Шрифт:
Интервал:
Закладка:
– Я их недавно переложила. До этого они в другом месте лежали.
– В каком?
– В другом.
– А ты чего, своим сказать ссышь? – начала злиться Вдова.
– А как я скажу, если у нас тут крыса завелась, – Утка кивнула в сторону Анюты, – Сопрет еще.
– А, по-моему, крыса здесь одна. А ну, падла, признавайся, что это за деньги, иначе тебе п…ц.
Поняв, что отпираться и продолжать врать бесполезно, Утка, схватившись за голову, начала бессвязно бормотать:
– Это не Кот… Это я… Это не она. Я спрятала эти деньги. Я испугалась… Я испугалась, вдруг карманы проверят. Найдут и все. Поэтому и сунула их под матрас. Я не думала… Я просто не подумала, что всё шмонать будут. Я просто не подумала…
– Зачем ты это сделала? – строго спросила Вдова.
– Я не знаю… Она мне просто не нравилась. Она мне сразу не понравилась. Я думала, мы с тобой скорешимся. Все делала. А она пришла и все… Ты отстранилась от меня… Я хотела, что бы ты от нее отвернулась. И не знала, как сделать. А потом сигареты Лелькины… Вот я и придумала. На самом деле, они у Лельки из кармана выпали, а я подобрала. Подобрала и этой в тумбочку подкинула. И все… А потом уже отступать поздно было…
– Ах ты, сука! – крикнула ошарашенная от услышанного Анюта и, не обращая ни на кого внимания, набросилась на трясущуюся сокамерницу. Сбив ее с ног и повалив на пол, она села сверху и яростно стала бить ее кулаками по лицу. – Тварь! – кричала девушка, стараясь бить все сильнее и сильнее. Она не следила за ударами и не думала, куда бьет. Ей было все равно. Она была готова сейчас убить. Не в переносном смысле, а в прямом. Словно разъяренный, свирепый зверь, вырвался из нее наружу и пытался разорвать, попавшую в лапы жертву. Анюта не обратила внимания, что избитая женщина, уже не кричит и не сопротивляется. Она не видела залитое кровью лицо и испачканные руки. Она вообще ничего не видела. Перед глазами стоял, убитый ею Лукавый, Вадим и все отморозки, которые когда-то, били ее и насиловали. Не соображая, что она делает, Анюта схватилась за воротник кофты и начала яростно срывать с нее одежду. С криком, вытаращенными и налитыми кровью глазами, она оголяла тело неподвижно-лежащей зечки, ища, чем можно произвести насильственные действия. Все было, как в тумане. Где-то, словно эхо доносились крики девчонок, что бы она прекратила, что она ее или уже убила, или сейчас убьет. Потом чьи-то руки, схватили ее за шею, чьи-то за руки, кто-то держал волосы, и ее начали оттаскивать от несчастной Утки. Плохо понимая, что происходит, Анюта со всей силы, пыталась вырваться и прильнуть обратно к своей недобитой жертве, но сил оказалось недостаточно. После, она поняла, что лежит на койке, а несколько пар рук, вдавливают ее в матрас, пытаясь удержать. Поджав губы, она обвела всех взглядом, закрыла глаза и моментально провалилась в сон.

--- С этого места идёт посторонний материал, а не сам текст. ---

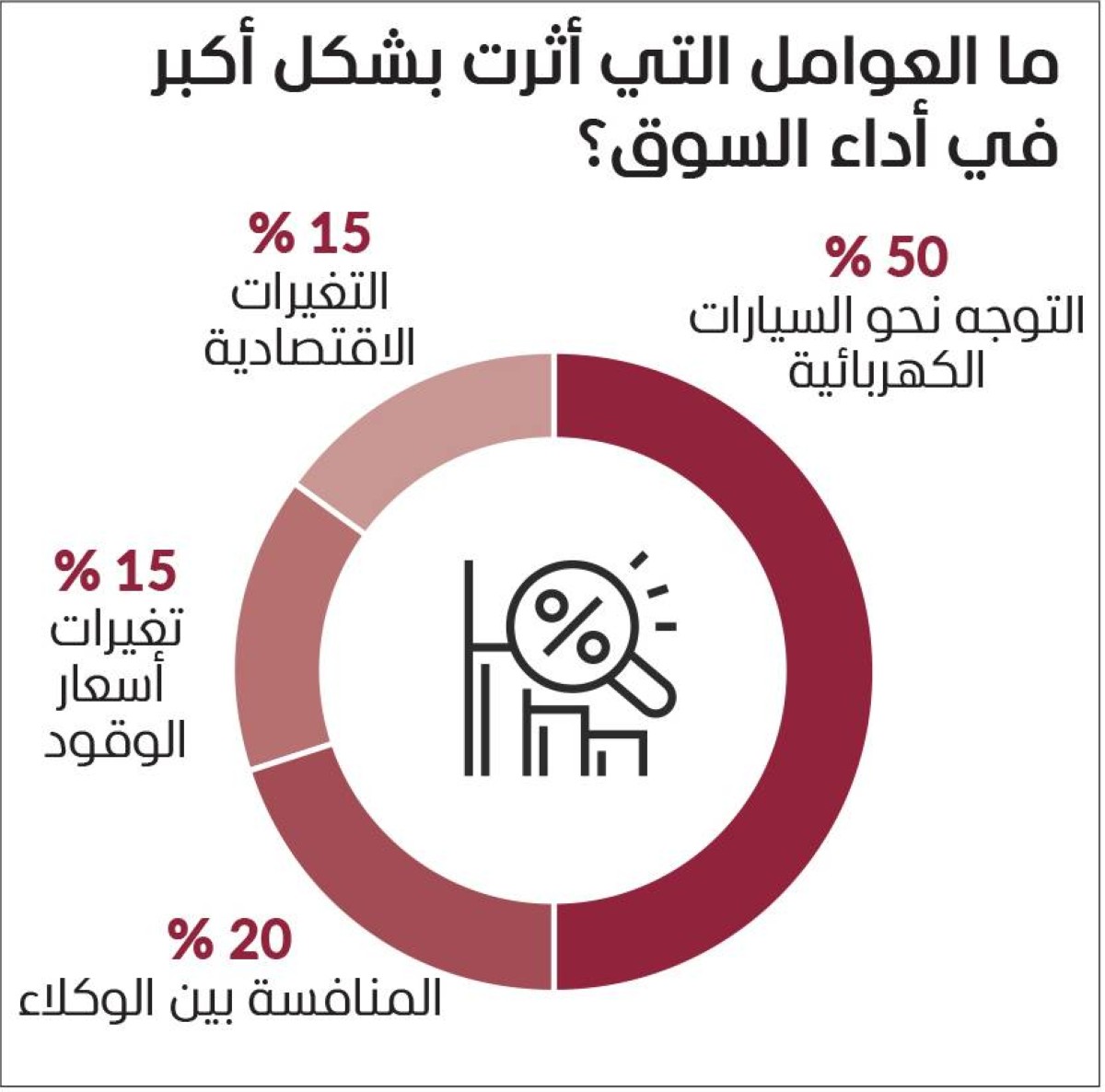 وفيما يخص العوامل التي أثرت بشكل أكبر في أداء السوق، رأى 50% أنها تتركز في التوجه نحو السيارات الكهربائية، فيما أرجع 20% منهم إلى المنافسة بين الوكلاء، و15% إلى التغيرات الاقتصادية، و15% إلى التغيرات في أسعار الوقود.

Очнулась она от того, что кто-то очень грубо тряс ее за плечо.
– Вставай, давай! Пока пинками тебя не скинула, – донесся до нее грубый неприятный голос. Открыв глаза, Анюта приподнялась и посмотрела на стоящую над ней надзирательницу.
– Че, сны такие сладкие? Ща подсолим. Вставай, давай! – размахнулась та и со всей силы, ударила Анюту по шее. Девушка медленно поднялась и начала прокручивать произошедшие накануне события. «Неужели убила»? – от этой мысли Анюта похолодела. Борясь с сильным ознобом и жуткой головной болью, она осмотрелась. Увидев сидевшую в синяках, кровоподтеках и ссадинах Утку, девушка облегченно выдохнула: «Жива». А это самое важное. Не хватало еще себе срок за убийство прибавить. За избиение вряд ли еще дадут, драки здесь постоянно.
– Давай-давай, шевелись быстрее, х. и вышагиваешь, как царица, – перебила ее мысли надзиратель и Анюта почувствовала толчок в спину.
Её не стали отводить к следователю, не давали ничего писать и даже не спрашивали на эту тему. А просто отвели в карцер, не забыв хорошенько отходить дубинками. Когда дверь за стражами порядка закрылась, она села на единственную койку и посмотрела в маленькое мутное окно с решеткой. Краска на стенах, здесь была настолько облуплена, что просто висела ошметками. Матраса на койке не было. О подушке и одеяле речи вообще быть не может. В углу стояла сломанная тумбочка, без ящиков и дверки. А унитаз находился почти рядом со спальным местом. Над ним была очень непрочно прикручена ржавая, видавшая годы раковина. На стенах потеки, плесень и непонятные насекомые. Очень тусклый свет и невыносимо-отвратительный запах. Вдруг, окошко в двери открылось и в него просунулось лицо надзирателя.
– Котова, объяснение напиши, за что со своей сокамерницей Уткиной подралась.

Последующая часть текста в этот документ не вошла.